Peter Hammarstedt sent an application to Sea Shepherd as soon as he was old enough to join the crew. Nine years later and with seven Antarctica anti-whaling campaigns under his lifejacket, he’s now captain of the Bob Barker and its 35-member crew, bound once again for the Southern Ocean. Bob Barker is one of four vessels patrolling for Operation Zero Tolerance, which the group says is their biggest effort yet to physically stop the annual Japanese whale hunt and its quota of 935 minke, 50 fin and 50 humpback whales. Bob Barker is tied up to the Taranaki Street Wharf this week, provisioning for the trip and visitors are welcome aboard for a tour.
Why did you want to be a captain for Sea Shepherd?
Aged 14 I saw a picture of a whale being killed in Antarctica. I could not believe my eyes. Like most people, I thought that whaling was a thing of the past. Countries like Norway, Iceland and Japan have killed over 40,000 whales since the Global Moratorium on Commercial Whaling took effect in 1986. I wanted to become a Sea Shepherd captain because when somebody is breaking the law, and the government fails in its responsibility to uphold the law, then it falls on individuals to either get government in line, or do their job for them.
How many whaling ships do you expect to encounter?
Fifty years ago there used to be 45 factory whaling ships there at any one time. There is now only one – the Japanese floating abattoir Nisshin Maru. If we shut that vessel down, then the whalers must suspend all of their operations – they have nowhere to process the whale meat. The Nisshin Maru is accompanied by three harpoon vessels, one security ship and a tanker for refuelling.

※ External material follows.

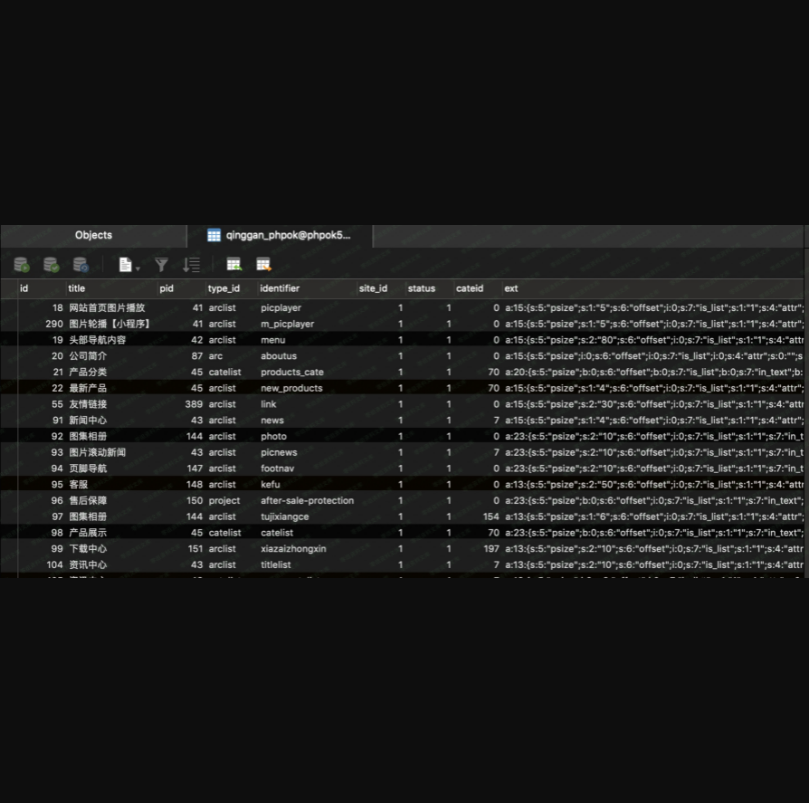这一段代码$this->model(\'call\')->all($siteid,\'identifier\');实现的是查询phpok表,其中identifier = xxx的信息,然后在phpok()函数的131行进行动态调用其插入为type_id的值函数。
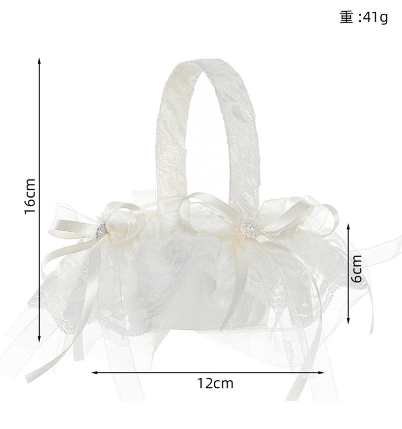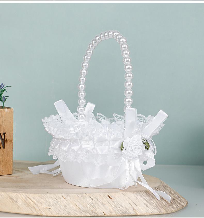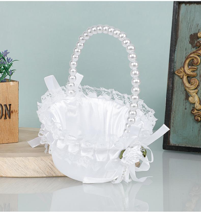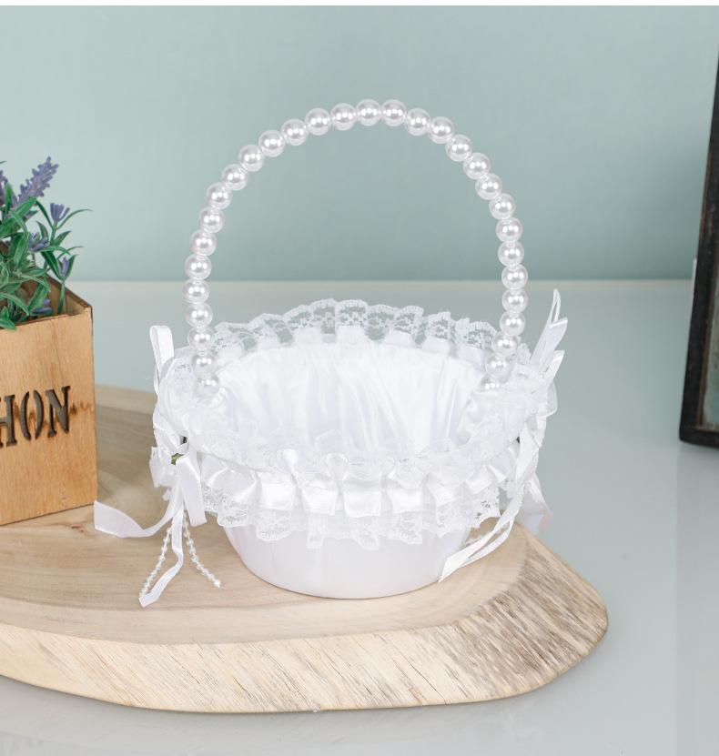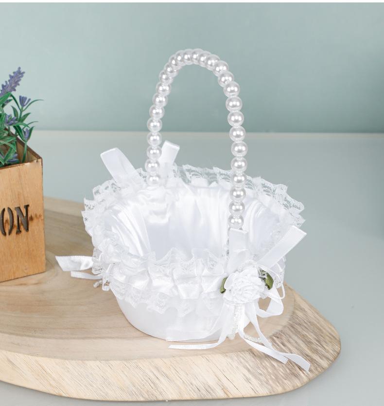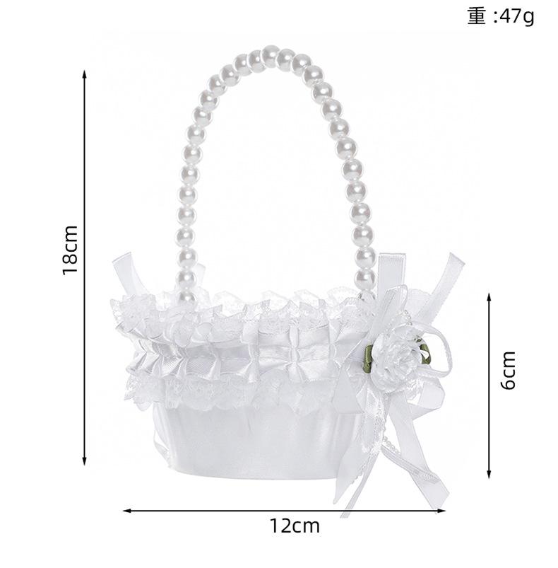 Cesta de flores de encaje blanco niña de las flores esparciendo flores cesta de flores de perlas dama de honor portátil cesta de flores pequeña nueva boda occidental cesta de boda

How many whales have you saved?
Last year we prevented the Japanese from taking 729 whales and in eight campaigns to the Antarctic, we’ve saved over 3,600 whales. We know how many we save by admission from the Japanese – every year they give us the credit when their quota is not met. Once we find the factory whaling ship we follow them and block them everywhere they go – through ice, through weather and through tense confrontation. On a good day, the whalers average 20-30 whales, so every day that we keep them on the run is a major victory that costs them millions.
Is there any such thing as sustainable whaling or culturally appropriate whaling?
Culture has been used to defend some of the greatest abominations in human history, from the subhuman treatment of women to chattel slavery. Japan’s pelagic whaling program only dates back to post-World War II. As far as sustainability is concerned, the whales targeted by the Japanese whaling fleet are either threatened or endangered and all are protected by law.
Have you had any scary moments?
Witnessing the Japanese whaling vessel Shonan Maru No. 2 deliberately ram the New Zealand-flagged Ady Gil. The Ady Gil was literally cut in two and sunk several days later. The whalers showed clearly that they are simply thugs who have as little respect for human life as they do cetacean life.
Has your work ever got you in trouble?
I’ve been arrested twice in Canada for the “offence” of documenting a seal being skinned alive. Prior to the European ban on all seal products, Sea Shepherd routinely sent ships to the ice floes of Eastern Canada to photograph the barbaric butchering of 4-6 week old pups. In order to prevent these images, the Canadian government made it unlawful for any journalist to come within 926m of the seal hunt. I was arrested, deported and fined for what in every other country would fall under freedom of the press.
Have you had any really gratifying moments at sea?
I chased the factory whaling ship from the Ross Sea all the way to Chile for 15 days. When they finally reached the 200 nautical mile economic exclusion zone of Chile, the Chilean Navy threatened to arrest them if they entered. It was at that point that the whalers decided to call their season short one month ahead of what they planned. They got less than 17% of their quota that year and blamed the shortfall entirely on Sea Shepherd.
What’s your best remedy for a long passage aboard a small ship with the same crew, day after day?
The best remedy is keeping focused on the mission at hand – finding the whaling fleet as early as possible and shutting them down. At sea, we are constantly ready for battle, scanning the horizon for the whalers. However, after we sent the whalers back home two years ago, we watched several seasons of Outrageous Fortune on the homeward bound voyage to Hobart.